WHAT TO PRODUCE -
The answer must be the lines from the one that holds "なんて疑問をお持ちのアナタの" through the final line of the data, copied exactly, with no pictures.

GIVEN INFORMATION -
******************************

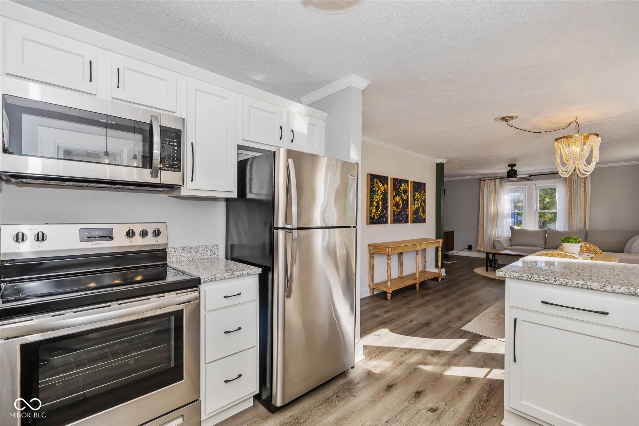 This beautifully updated Irvington home combines modern amenities with timeless character and a partially fenced backyard designed for enjoyment, offering more space than the competition. The open floor plan connects the remodeled kitchen seamlessly to the dining and living areas, making it perfect for gatherings. You’ll love on-trend luxury vinyl plank flooring throughout. The kitchen boasts white shaker cabinets, granite countertops, and stainless-steel appliances. The bathroom has been elegantly updated with a subway tile surround, a new vanity, and sleek contemporary fixtures. Comfort and efficiency are ensured with a newer AC unit and upgraded lighting throughout. The home also includes an inviting enclosed front porch/sunroom and a detached garage with a large covered patio area, ideal for hanging with friends. Key updates include a newer dimensional shingle roof on both the house and garage, as well as fresh paint inside and out. Bedroom 2 has been converted into a spacious walk-in closet with extensive shelving and hanging space, though the seller is happy to restore it to a traditional bedroom if desired. This is a must-see home with thoughtful updates and charming details!
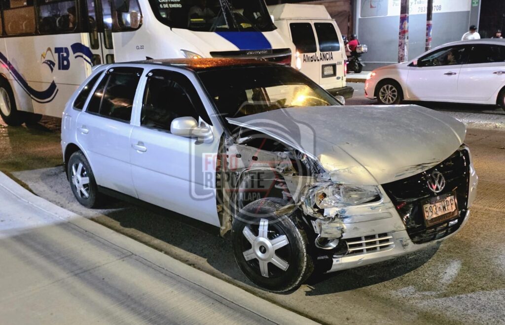 Xalapa, Ver. 26 de abril 2026.- Cinco personas resultaron lesionadas tras un percance vial registrado la noche de este domingo en el cruce de la avenida Chedraui Caram y Camino al Sumidero, a la altura de la zona conocida como El Peñascal, donde se vieron involucrados un automóvil Chevy negro y un Pointer gris.
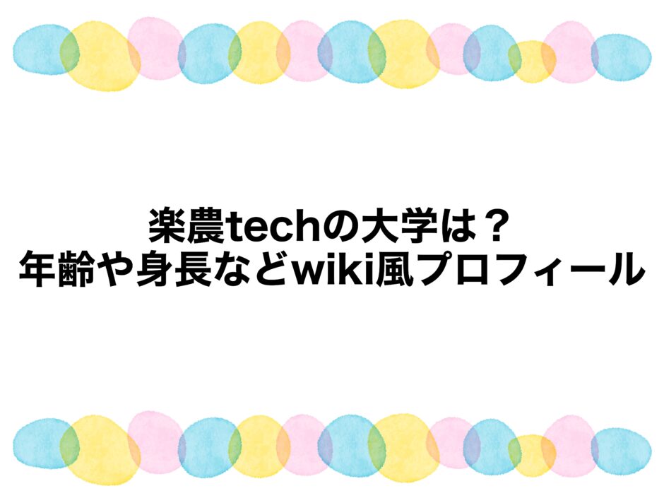 なんて疑問をお持ちのアナタのために、楽農techの2人の大学情報、年齢や身長などwiki風プロフィールを調査、まとめました。
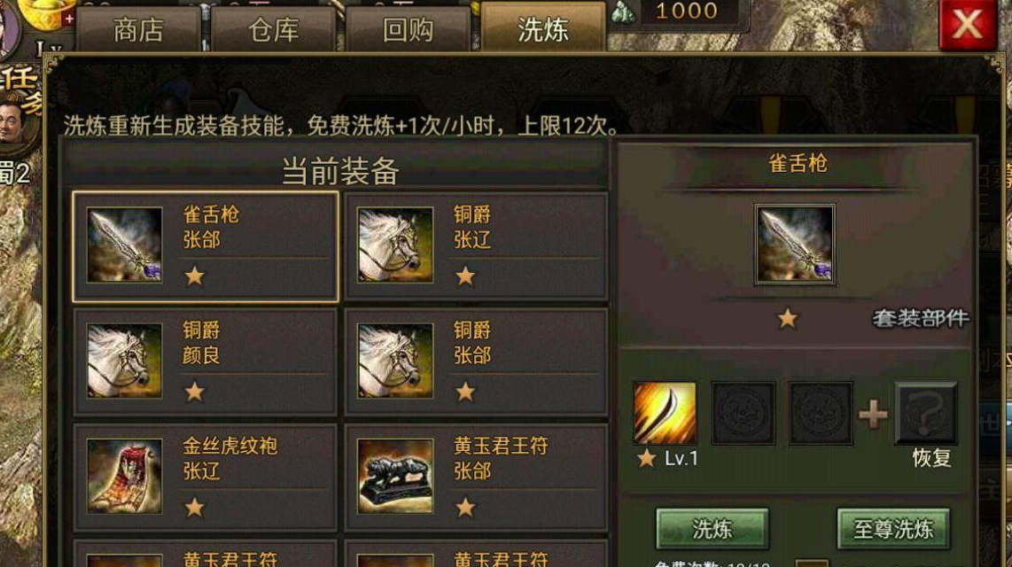 初期建议优先强化主力武将的核心装备,如武器和防具,以快速提升基础攻击和防御属性。随着游戏进程推进,可逐步将资源倾斜至特殊效果装备的精炼,例如增加暴击率或连击次数的宝石镶嵌装备。精炼过程中存在概率性成功机制,连续出现特定提示(如紫色募兵令)时可提高成功率,集中投入资源更高效。

******************************

RESPONSE TO THIS EXERCISE -
 なんて疑問をお持ちのアナタのために、楽農techの2人の大学情報、年齢や身長などwiki風プロフィールを調査、まとめました。
 初期建议优先强化主力武将的核心装备,如武器和防具,以快速提升基础攻击和防御属性。随着游戏进程推进,可逐步将资源倾斜至特殊效果装备的精炼,例如增加暴击率或连击次数的宝石镶嵌装备。精炼过程中存在概率性成功机制,连续出现特定提示(如紫色募兵令)时可提高成功率,集中投入资源更高效。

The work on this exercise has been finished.